Index is stored in memory as much as possible, followed by data.

Note that only the necessary index is retained, and the memory is used on the blade as much as possible.

If the index memory is close to filling up the memory, it's easy to read the disk and the speed slows down.

(3) knowing the realization of the index & thinking after the storage principle

Insert/update/delete will trigger rebalance tree, so, add, delete and modify data, the index will trigger modification, and the performance will be compromised. The more indexes, the better. In that case, which fields should be selected as the index? What happens when these conditions are used in the query?

Take the simplest hashmap, why complexity is not O (1), but so-called close to O (1). Because there is a key conflict / repetition, when DB goes to find it, if there is a lot of key conflict data, it is still the turn to continue to look for it. The same is true of b-tree 's choice of key.

So a common mistake made by most developers is to index undifferentiated key. For example: many only centralized categories of type/status documents count up to hundreds of thousands of collection, usually this kind of index is not helpful.

II. Composite indexes (1) Composite indexes are not as many as possible

If you don't want to build extra indexes, your developer colleagues sometimes struggle with the choice of composite & single fields.
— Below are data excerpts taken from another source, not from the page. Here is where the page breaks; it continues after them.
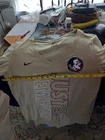 This Nike just do it T-shirt for women/girls in size L features a V-neck neckline and a bright yellow color with a Florida State Seminoles theme. The shirt is made of a cotton blend fabric with a lightweight and breathable feel, suitable for various occasions such as travel, activewear, parties, or casual wear. It has a "Just Do It" slogan and the FSU and Swoosh logos, making it a stylish and comfortable choice for fans of college sports or Florida State University.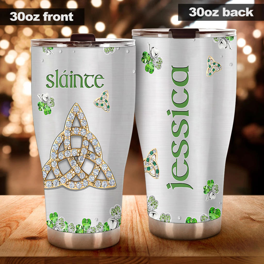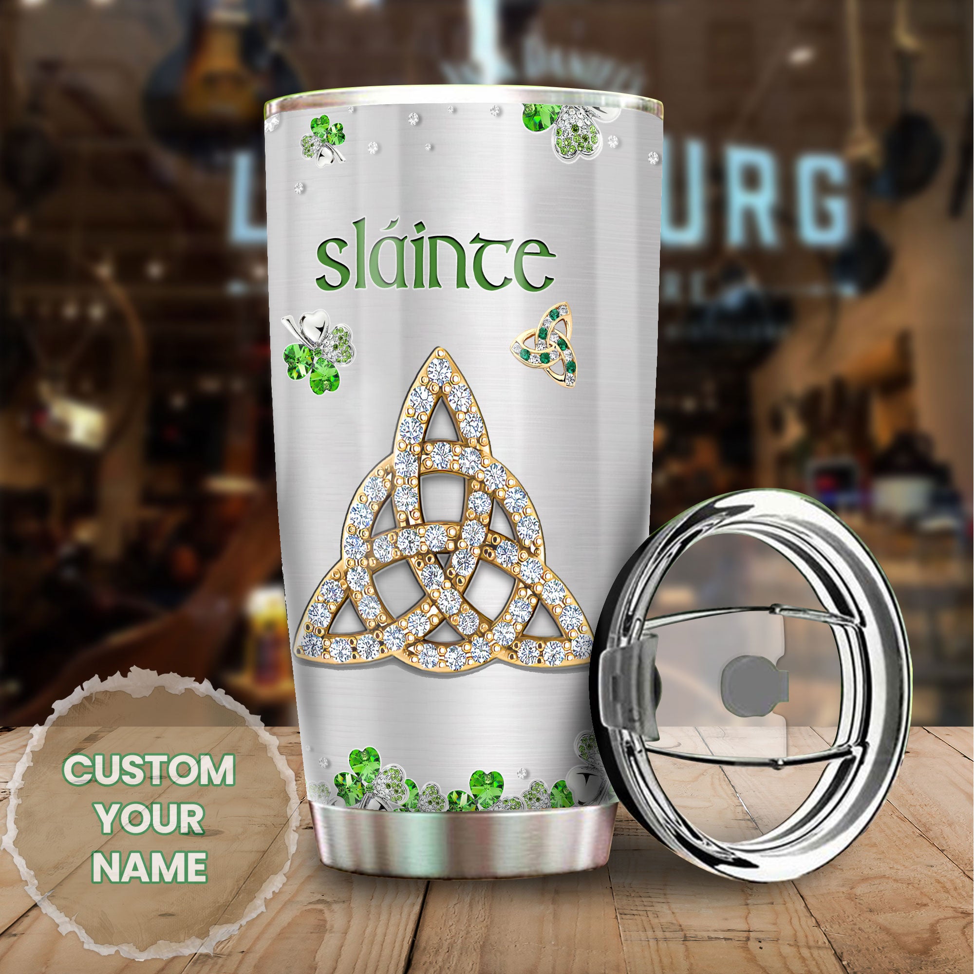 Personalized Slainte Irish Jewelry Style Green Stainless Steel Tumbler - Double-Walled Insulation Travel Thermal Cup With Lid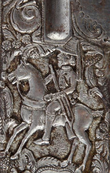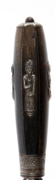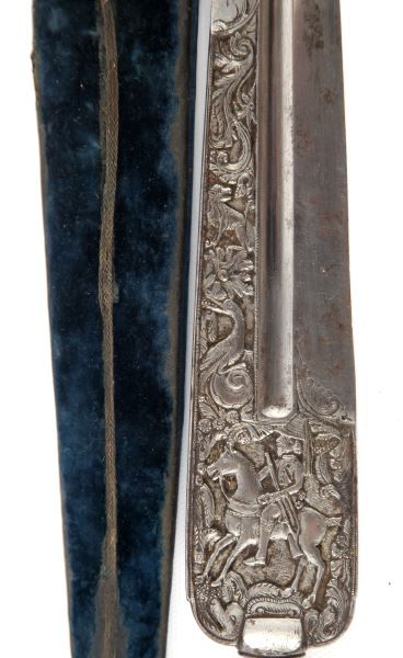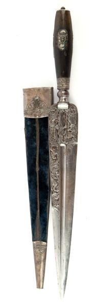 Finely crafted 18th century poignard dagger. Style and shape are consistent with styles carried amongst aristocracy in the Mediterranean region of Sardinia and southern Italy. Central fullered spear point blade measures 11.5 inches, with balustered bolster, silver ferrule, horn grips with high relief silver insets, and silver pommel. 5.5 inch false edge on top of blade leads to flat edge engraved with what appears to be "non ti finor da me se il cor ti marchio no mi cuore", and "senza ragione" on lower shoulder. Blade is finely engraved in high relief with what appears as a gentleman bidding farewell to a woman on one side, and on horseback on the other, and the balance in floral scroll and animals. Scabbard is blue velvet over wood, with silver throat and chape. Some wear to velvet on scabbard, and a few dings to throat. Dagger itself in in excellent condition, presenting an exceptionally fine example of its kind. This lot has a reserve.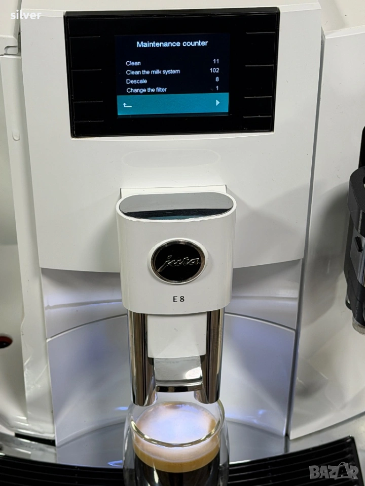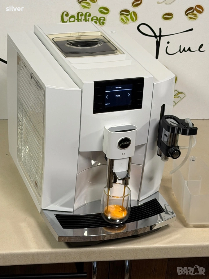 Визуалнто състояние се вижда на снимките работи отлично почистена смазана минала е профилактика готова за употреба. Работи с кафе на зърна и мляно кафе, приготвя страхотно кафе. Приготвя капучино Latte macchiato мляко и други напитки. Пътува с опция преглед и тест преди плащане. Гаранция 1 месец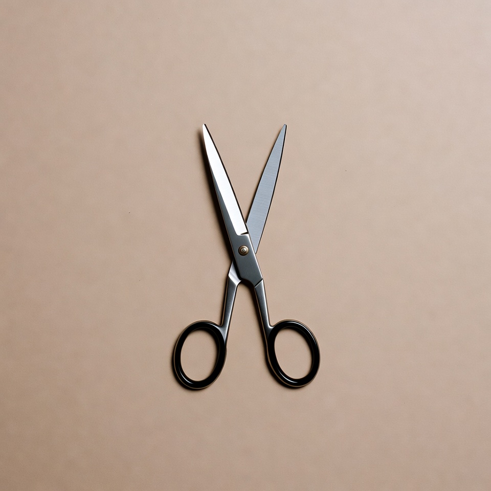 Scissors are placed on a flat, light-colored surface in a simple arrangement. The blades are open, ready for use.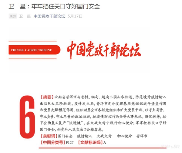 5月17日,中共中央黨校主辦的《中國黨政干部論壇》刊發(fā)了普洱市委書記衛(wèi)星的署名文章《牢牢把住關口守好國門安全》。文章全面闡述了普洱市認真貫徹落實習近平總書記重要指示批示精神,把統(tǒng)籌推進新冠肺炎疫情防控和經(jīng)濟社會發(fā)展作為檢驗“四個意識”牢固不牢固,“四個自信”堅定不堅定,“兩個維護”堅決不堅決的試金石,用守土有責、守土負責、守土盡責的政治擔當,牢牢把住關口守好國門安全的生動實踐。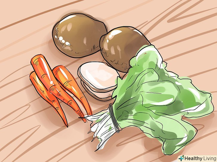 Споживайте деякі овочі, багаті калієм.не тільки фрукти є джерелом калію. Овочі також можуть підвищити рівень калію. Овочі, що містять калій, включають [2]:- Морква (один стакан сирої моркви містить 689 мг калію), картопля, шпинат і інша темна зелень, гриби і гарбуз.

According to the typical scenario, do a few experiments:

A loans collection is created here. The simplification has only 100 pieces of data. This is the list of loans: _ id, userId, status (loan status), amount (amount).

Db.loans.count () 100

Db.loans.find ({"userId": "59e022d33f239800129c61c7", "status": "repayed",}). Explain () {"queryPlanner": {"plannerVersion": 1, "namespace": "cashLoan.loans", "indexFilterSet": false, "parsedQuery": {"$and": [{"status": {"$eq": "repayed"}} {"userId": {"$eq": "59e022d33f239800129c61c7"}]}, "queryHash": "15D5A9A1", "planCacheKey": "15D5A9A1", "winningPlan": {"stage": "COLLSCAN", "filter": {"$and": [{"status": {"$eq": "repayed"} {"userId": {"$eq": "59e022d33f239800129c61c7"}]}, "direction": "forward"}, "rejectedPlans": []}, "serverInfo": {"host": "RMBAP", "port": 27017, "version": "4.1.11", "gitVersion": "1b8a9f5dc5c3314042b55e7415a2a25045b32a94"}, "ok": 1}

Notice that the COLLSCAN table above is scanned because there is no index. Next, let's set up several indexes.

Step 1 first establishes {userId:1, status:1}

Db.loans.createIndex ({userId:1, status:1}) {"createdCollectionAutomatically": false, "numIndexesBefore": 1, "numIndexesAfter": 2, "ok": 1} db.loans.find ({"userId": "59e022d33f239800129c61c7", "status": "repayed",}). Explain () {"queryPlanner": {"plannerVersion": 1, "namespace": "cashLoan.loans", "indexFilterSet": false "parsedQuery": {"$and": [{"status": {"$eq": "repayed"}, {"userId": {"$eq": "59e022d33f239800129c61c7"}]}, "queryHash": "15D5A9A1", "planCacheKey": "BB87F2BA", "winningPlan": {"stage": "FETCH" "inputStage": {"stage": "IXSCAN", "keyPattern": {"userId": 1, "status": 1}, "indexName": "userId_1_status_1", "isMultiKey": false, "multiKeyPaths": {"userId": [], "status": []}, "isUnique": false "isSparse": false, "isPartial": false, "indexVersion": 2, "direction": "forward", "indexBounds": {"userId": ["[" 59e022d33f239800129c61c7 "," 59e022d33f239800129c61c7 "]"], "status": ["[" repayed "," repayed "]"]}}, "rejectedPlans": []} "serverInfo": {"host": "RMBAP", "port": 27017, "version": "4.1.11", "gitVersion": "1b8a9f5dc5c3314042b55e7415a2a25045b32a94"}, "ok": 1}

Result: hit {userId:1, status:1} as winning plan as desired.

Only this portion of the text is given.